DATA PROVIDED |
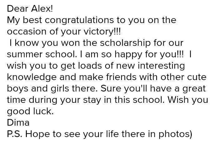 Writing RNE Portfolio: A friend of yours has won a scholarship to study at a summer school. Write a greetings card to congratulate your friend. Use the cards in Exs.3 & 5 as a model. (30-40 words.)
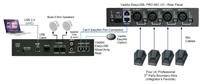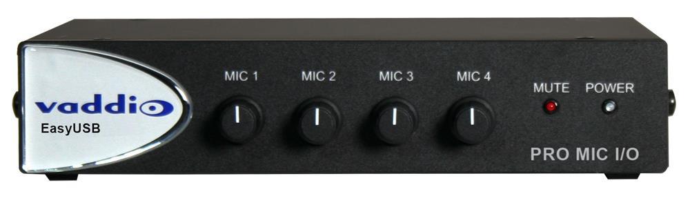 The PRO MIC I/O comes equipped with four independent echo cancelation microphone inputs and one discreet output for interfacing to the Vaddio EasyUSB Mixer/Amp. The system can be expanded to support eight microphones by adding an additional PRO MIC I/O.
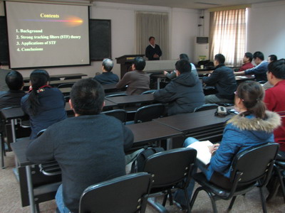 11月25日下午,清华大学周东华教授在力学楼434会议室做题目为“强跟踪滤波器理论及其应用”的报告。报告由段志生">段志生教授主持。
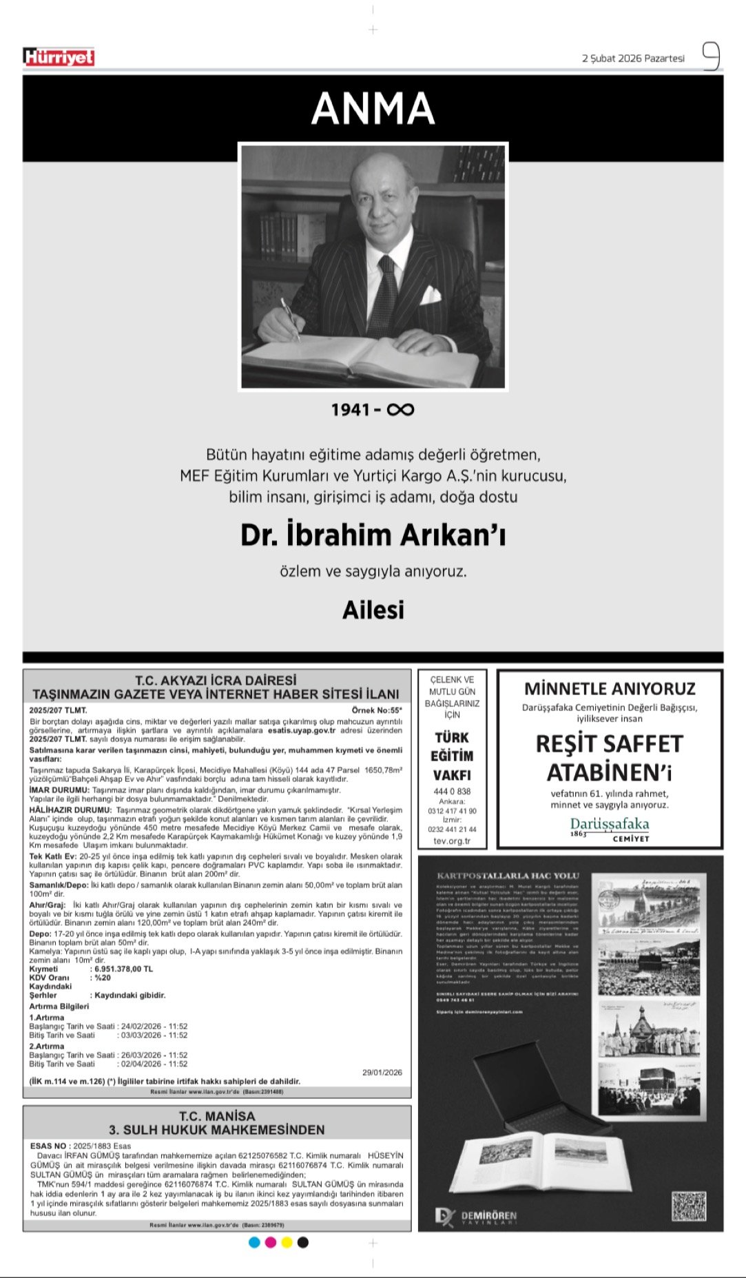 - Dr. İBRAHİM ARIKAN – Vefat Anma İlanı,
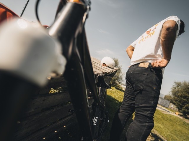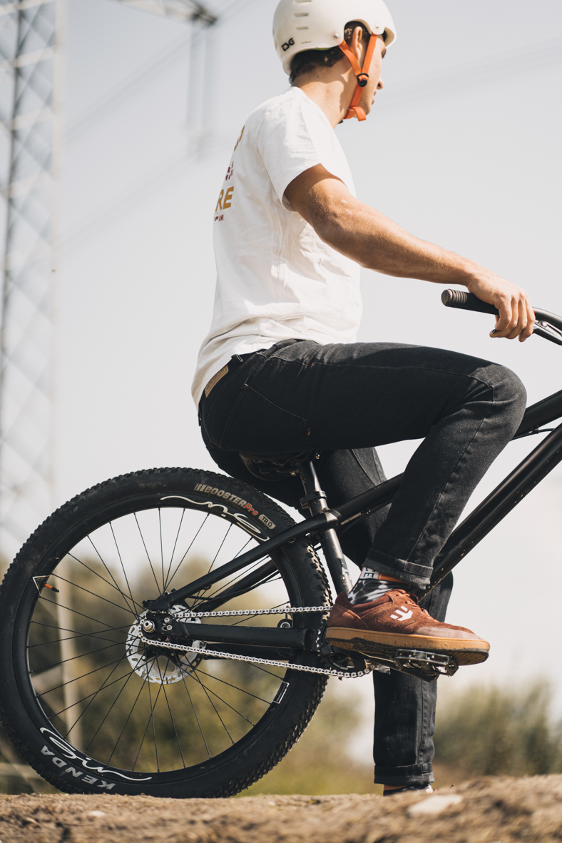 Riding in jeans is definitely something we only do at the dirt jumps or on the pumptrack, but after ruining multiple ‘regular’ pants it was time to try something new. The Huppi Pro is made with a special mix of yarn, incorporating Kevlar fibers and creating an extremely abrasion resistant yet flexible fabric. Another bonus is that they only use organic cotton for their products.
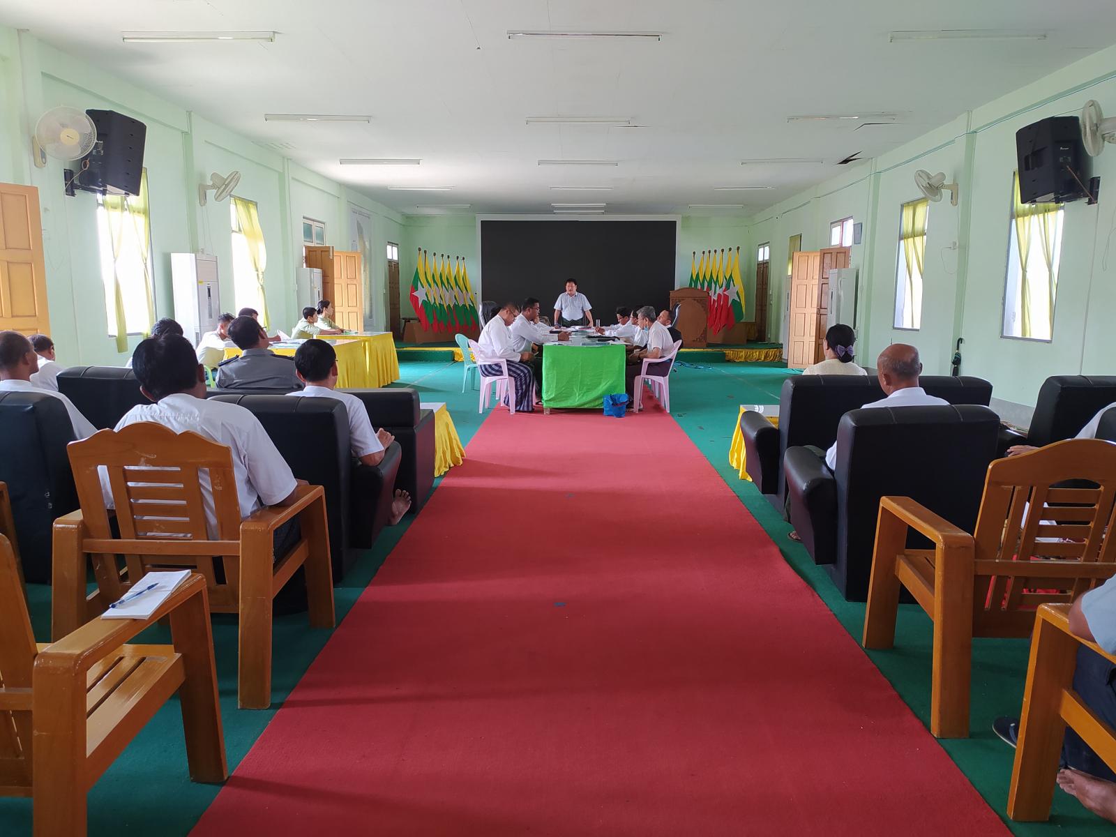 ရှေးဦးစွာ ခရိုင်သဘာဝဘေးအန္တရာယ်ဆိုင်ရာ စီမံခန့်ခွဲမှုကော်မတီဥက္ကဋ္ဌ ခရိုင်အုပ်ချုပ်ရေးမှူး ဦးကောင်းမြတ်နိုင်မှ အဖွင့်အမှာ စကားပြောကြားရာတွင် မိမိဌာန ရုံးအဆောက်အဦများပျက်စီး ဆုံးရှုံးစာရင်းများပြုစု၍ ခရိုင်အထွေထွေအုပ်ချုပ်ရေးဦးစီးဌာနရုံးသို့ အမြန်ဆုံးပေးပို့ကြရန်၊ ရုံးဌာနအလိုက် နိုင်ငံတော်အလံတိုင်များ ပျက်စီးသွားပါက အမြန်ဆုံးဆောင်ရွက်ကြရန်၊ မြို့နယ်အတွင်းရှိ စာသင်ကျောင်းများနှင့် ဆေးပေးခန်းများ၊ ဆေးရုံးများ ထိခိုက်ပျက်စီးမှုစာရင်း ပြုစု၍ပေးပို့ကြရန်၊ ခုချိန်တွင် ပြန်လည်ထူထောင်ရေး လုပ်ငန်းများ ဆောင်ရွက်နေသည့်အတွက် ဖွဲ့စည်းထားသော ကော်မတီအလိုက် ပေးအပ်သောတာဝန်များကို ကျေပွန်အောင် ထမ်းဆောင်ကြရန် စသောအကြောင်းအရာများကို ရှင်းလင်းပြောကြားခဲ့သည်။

ASSIGNMENT | Transcribe the entries above exactly, from their first line through the line with "Riding in jeans", and omit all pictures.

TASK ANSWER |
 Writing RNE Portfolio: A friend of yours has won a scholarship to study at a summer school. Write a greetings card to congratulate your friend. Use the cards in Exs.3 & 5 as a model. (30-40 words.)
 The PRO MIC I/O comes equipped with four independent echo cancelation microphone inputs and one discreet output for interfacing to the Vaddio EasyUSB Mixer/Amp. The system can be expanded to support eight microphones by adding an additional PRO MIC I/O.
 11月25日下午,清华大学周东华教授在力学楼434会议室做题目为“强跟踪滤波器理论及其应用”的报告。报告由段志生">段志生教授主持。
 - Dr. İBRAHİM ARIKAN – Vefat Anma İlanı,
 Riding in jeans is definitely something we only do at the dirt jumps or on the pumptrack, but after ruining multiple ‘regular’ pants it was time to try something new. The Huppi Pro is made with a special mix of yarn, incorporating Kevlar fibers and creating an extremely abrasion resistant yet flexible fabric. Another bonus is that they only use organic cotton for their products.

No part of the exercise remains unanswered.